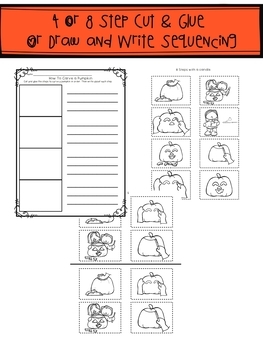 *How to Carve a Pumpkin or How To Make A Jack-o-lantern write and draw OR cut and glue to sequence (this is offered in 4 or 8 steps).
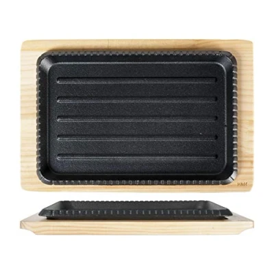 H&H 729959 Cast Iron Grill, Wood Base, 18x27 cm
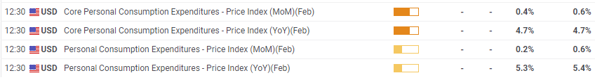 美国PCE数据是美联储衡量通货膨胀的首选指标,市场将深入审视这些数字,以𫔭始计算美联储在5月3日的下一次FOMC会议上再次加息的可能性。市场对3月份数据的预期是,核心PCE年率為4.7%,月率变化為0.4%。任何与这些数字的相关差异肯定会对金融市场格局产生影响。

■ **WORK REQUEST**: Transcribe the material exactly, leaving every picture out.

■ **THE ANSWER**:
 *How to Carve a Pumpkin or How To Make A Jack-o-lantern write and draw OR cut and glue to sequence (this is offered in 4 or 8 steps).
 H&H 729959 Cast Iron Grill, Wood Base, 18x27 cm
 美国PCE数据是美联储衡量通货膨胀的首选指标,市场将深入审视这些数字,以𫔭始计算美联储在5月3日的下一次FOMC会议上再次加息的可能性。市场对3月份数据的预期是,核心PCE年率為4.7%,月率变化為0.4%。任何与这些数字的相关差异肯定会对金融市场格局产生影响。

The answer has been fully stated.